Phase Transitions Exist Only In the Thermodynamic Limit Or

[maverick_starstrider]

It is often said that phase transitions only exist in the thermodynamic limit based on some proof like:

-A system has time-reversal symmetry thus its TOTAL free energy F(H)=F(-H) (H is the field) therefore the magnetization is

M(H)=\frac{\partial F(H)}{\partial H}=\frac{\partial F(-H)}{\partial(- H)}=-\frac{\partial F(-H)}{\partial H}=-M(H)

Thefore, M(H)=-M(H) therefore at M=0 we have

M(0)=-M(0) therefore M(0)=0, thus no spontaneous magnetization. However, in the thermodynamic limit f(H) (the free energy per site) may have a discontinuity at H=0 and therefore the above is not necessarily true, and so on thus true phase transitions only exist in the thermodynamics limit.

Here's where I get confused. Can we not just say that the total free energy F(H) for a finite system of N spins is really F(H)=N f(H) and the same argument applies.
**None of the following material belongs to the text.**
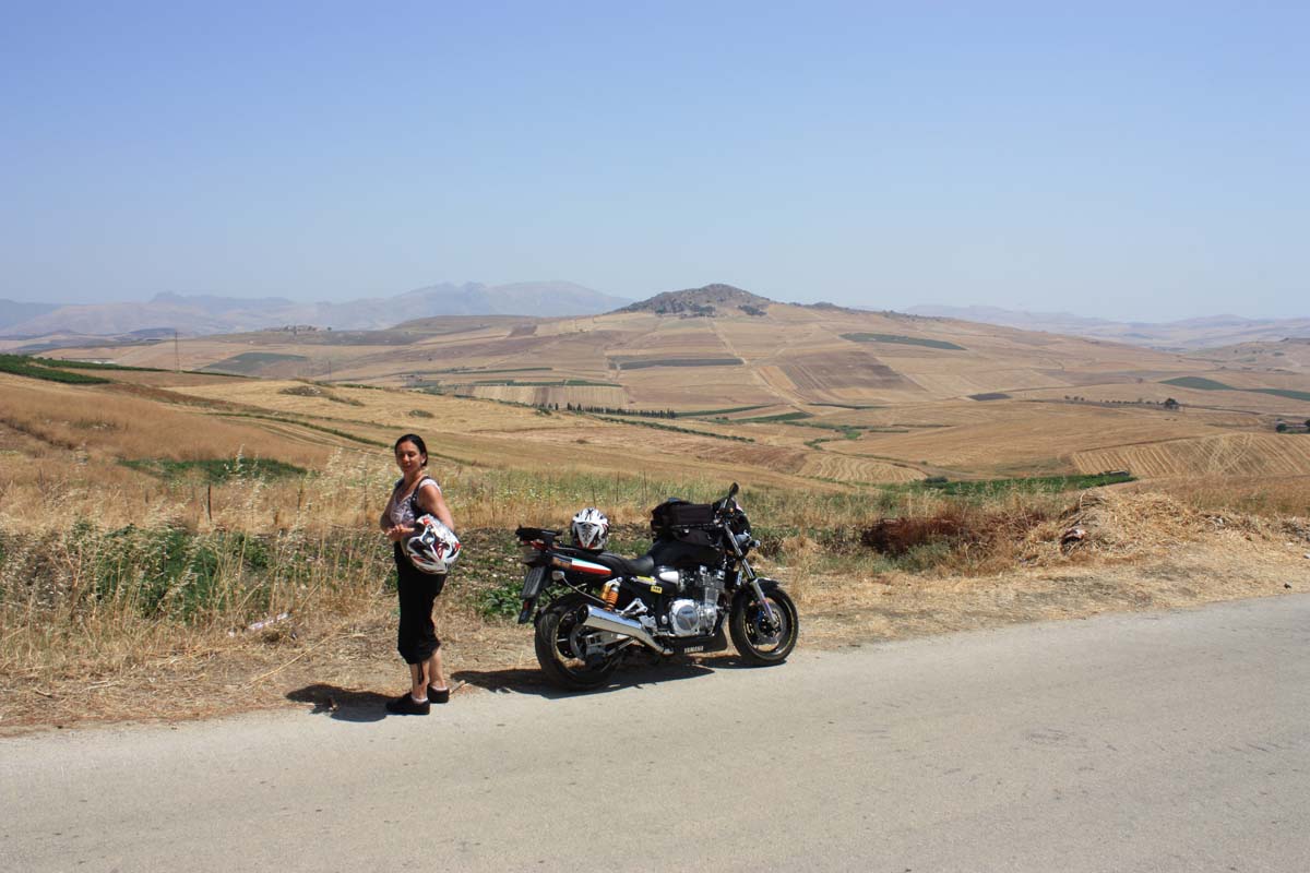 Nakon fotografiranja spuštamo se do Taormine. Ondje se dogovaramo o daljnjem planu puta. Alen će do Corleonea a mi do Agrigenta. To znači da ćemo se još 200-tinjak km voziti zajedno. Prolazimo dolinom brdskog lanca Enne po strašnoj vrućini. Na benzinskim postajama se skidamo i tuširamo bocama vode. I ja koji sam protivnik vožnje bez zaštitne opreme skidam jaknu i vežem je za torbu na koferu. Vrući afrički zrak koji dolazi preko mora pali sve pred sobom pa tako i nas. Gotovo da se ne može disati. Na benzinskoj postaji kod Caltanissetta opraštamo se sa Alenom. On na jednoj petlji odlazi put Corleonea. Gledam ga s nadvožnjaka u ovoj pustinji, izgleda kao da je sam na svijetu on i njegov BMW. Dižem vizir i kažem Nadi: tek smo se razišli a već mi nedostaje. Pravi lik taj Splićo.

Therefore, isn't it really just the case the the thermodynamic limit EXIST and not necessarily that the system be at it?

 

[Mute]

Let f_N(H) = F(H)/N. Let

f_\infty(H) = \lim_{N\rightarrow \infty} f_N(H).
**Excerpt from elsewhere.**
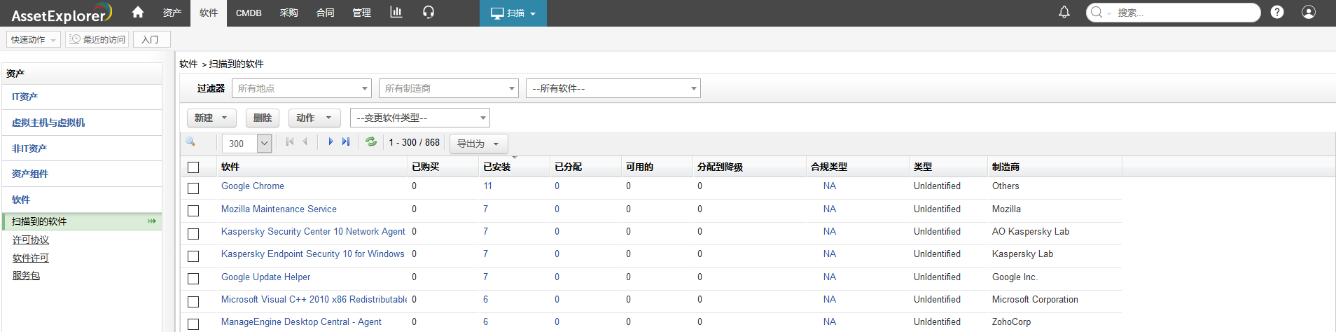 在扫描工作站时,还将扫描工作站中安装的软件,并在软件的扫描的软件下列出这些软件。在扫描的软件列表视图页面中,您可以获取详细信息,例如制造商,软件类型,软件的安装数量等。

f_\infty(H) and f_N(H) are not the same function. The free energy F(H) is only proportional to N in the thermodynamic limit. For example, the free energy of a 1d Ising ring is F(H) = -kT\log(\lambda_1(H,T)^N+\lambda_2(H,T)^N), where the lamba's are eigenvalues of a certain matrix, and \lambda_1 > \lambda_2 (except when T = 0). You can check that under these conditions it is only when N \rightarrow \infty that F(H) is asymptotically proportional to N. Hence, in general, f_\infty(H) has a discontinuity at H = 0, as you have said, but f_N(H) does not.
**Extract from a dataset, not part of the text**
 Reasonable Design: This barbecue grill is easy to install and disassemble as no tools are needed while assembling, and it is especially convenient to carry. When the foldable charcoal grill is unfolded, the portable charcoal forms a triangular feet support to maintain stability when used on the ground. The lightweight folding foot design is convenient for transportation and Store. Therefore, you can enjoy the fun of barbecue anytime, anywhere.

The operations of taking N \rightarrow \infty and the derivation of the free energy do not commute, so you cannot establish the phase transition without the thermodynamic limit.

 

[genneth]

See: http://link.aps.org/doi/10.1103/PhysRev.87.404 : [1] C. N. Yang and T. D. Lee, Physical Review 87, 404-409 (1952).